The documentary “My Love Awaits Me by the Sea” is a record of that journey, following Darwazeh as she travels to her homeland for the first time to meet Hourani and listen to Palestinians talk about their dreams.

“My story changed when I met Hasan and heard his whispers among all the voices,” she says in the award-winning film, screened on Friday at the Rainbow Theatre at the opening of the second Welfare Association for Youth’s (WAY) Palestine Film Fest.

On her way to the seashore in  Jaffa, a place forbidden to Palestinians and where Hourani drowned in 2003 when he was 29, Darwazeh meets Palestinians who dream of the normal rather than the fantastic.

“This is our dream as Palestinians… to plant an orange orchard, to see Jaffa’s sea — what a big dream that is!” exclaims one of her interviewees, Nael Kanj.

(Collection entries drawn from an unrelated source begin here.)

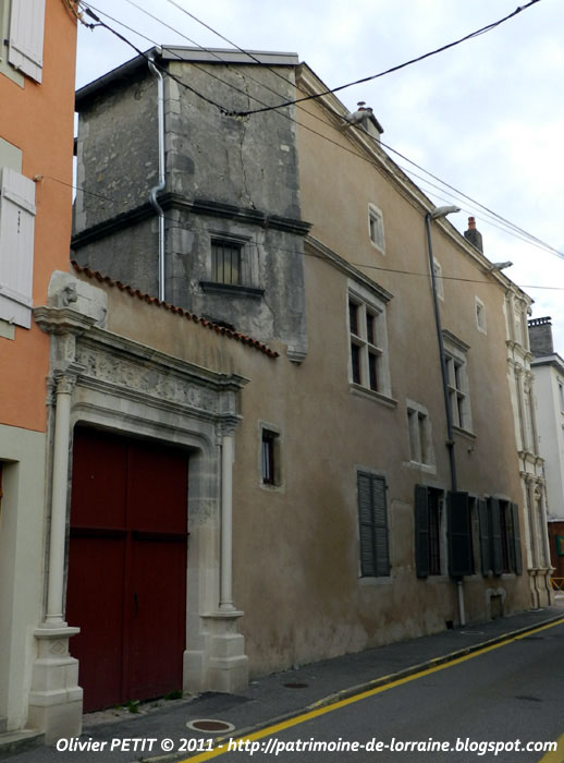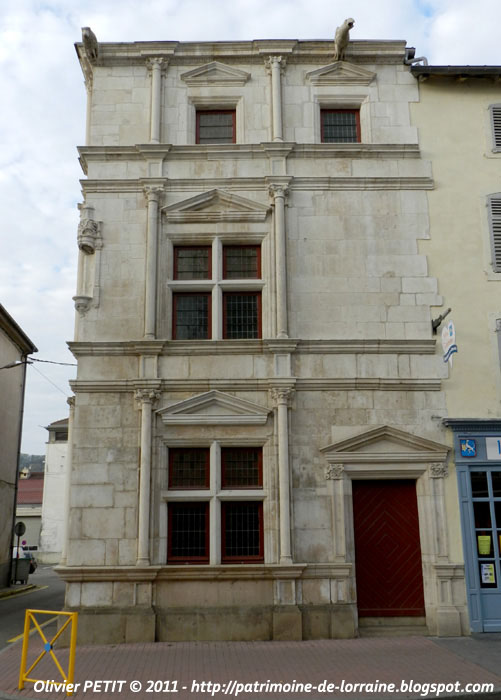 La niche d’angle de cette belle demeure de style Renaissance porte à sa base la date de 1537. En fait, il s’agit sans doute de la reconstruction car cette maison est déjà désignée dans les anciens écrits… «Ainsi un acte du 18 Mai 1346 la mentionne pour la première fois en ces termes: – Henri, comte de Vaudémont, reconnaît que Raoul Duc de Lorraine et ses hoirs ont leurs affouages pour leur maison de Charmes dite du Chaldron». Dans un autre acte daté du 23 décembre 1444, Nicolas de Charmes écrit avoir repris de René Duc de Lorraine une maison avec les usoirs dit la mâson Chaldron.
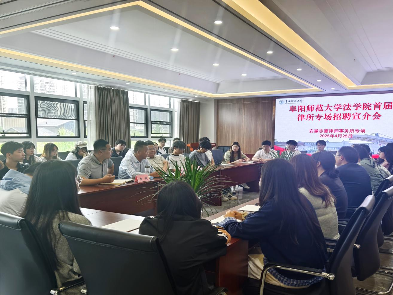 见习期间,还开展了阜阳师范大学法学院首届律所专场招聘宣介会。韩宪生和韩洪立两位主任详细介绍了安徽志豪律师事务所的业务范围、发展前景、招聘需求以及人才培育机制等内容,为有意向加入律所实习或就业的学生提供了详细资讯。现场学生们积极与招聘人员深入交流,为自己的职业发展迈出了坚实一步。
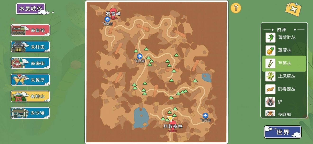 我们在这张地图上可以采集到:菠萝、芦笋、薄荷叶、止风草(果丛附近随机刷新)、御毒姜(果丛附近随机刷新);地图右边点开资源有分配。
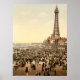 Photomechanical print of Blackpool Tower in Blackpool, Lancashire, England, which was taken towards the end of the 19th century. The photograph shows a historic view of this seaside resort taken with a view of the tower and promenade. Photograph courtesy of LOC (LC-DIG-ppmsc-08018).

“Mais was looking for the dream that allows us to go on,” producer Rula Nasser said after the screening.

“We were lucky [during filming] to meet people who were holding on to their dreams despite the occupation,” she added.

Though Palestinians may not be living in their homeland, their country lives within them and they take it wherever they go, Mohammad Reda Al Haj Ahmad, one of the interviewees, tells the director.

The interviews and images of Palestine under occupation in this “poetic documentary” are punctuated by Darwazeh’s simple illustrations of charcoal, pencil and water colours showing her imagined story with Hourani.

“When we reached Palestine, Hasan told me his story with the clouds, trapped for years between the sky and the sea, as [they are] suffocating from all the borders,” she narrates.

After the screening, speakers from the audience commended the director’s efforts in showing a more human side of the Palestinian cause, but Nasser said the making of the film was not without difficulties.

“It took us three years to develop the film and secure its financing,” she noted, adding that it is difficult to find sponsors for movies in the Arab world since they often go unreleased at local theatres and, therefore, fail to generate profit.

“The problem is that we are making films that are shown abroad but not at home,” added Nasser, who has produced critically acclaimed local features such as “The Last Friday” and “Transit Cities” and was chosen by Variety magazine in 2012 as one of the “top ten Arab producers to watch”.

Local response to such films is weak due to “a lack of curiosity”, she said, warning that “we are gradually disappearing” under an Israeli and Western offensive.

“One or two Palestinian films are released every year compared with some 30 Israeli films annually,” the producer said.

The WAY Palestine Film Fest, organised in collaboration with the Jerusalem Forum, continued on Saturday with the screening of “Flying Paper”, which documents young Gazans’ attempt to break the Guinness World Record for the most kites ever flown, followed by the short films “Ismail”, “Maqloubeh”, “Give a Man a Fish” and “Though I know the River Is Dry”. 

The five films will be screened again on March 13 at the Rainbow Theatre, according to WAY. 

“My Love Awaits Me by the Sea” will be repeated on March 14, followed by “The Wanted 18”, an animated documentary that follows a group of Palestinians in Beit Sahour working to start a dairy industry during the first Intifada.

Proceeds from the festival will go to support Al Bayyara project, which is aimed at the rehabilitation of public playgrounds in the city of Deir El Balah in Gaza, according to WAY.

Tickets are available online on www.karasi.com.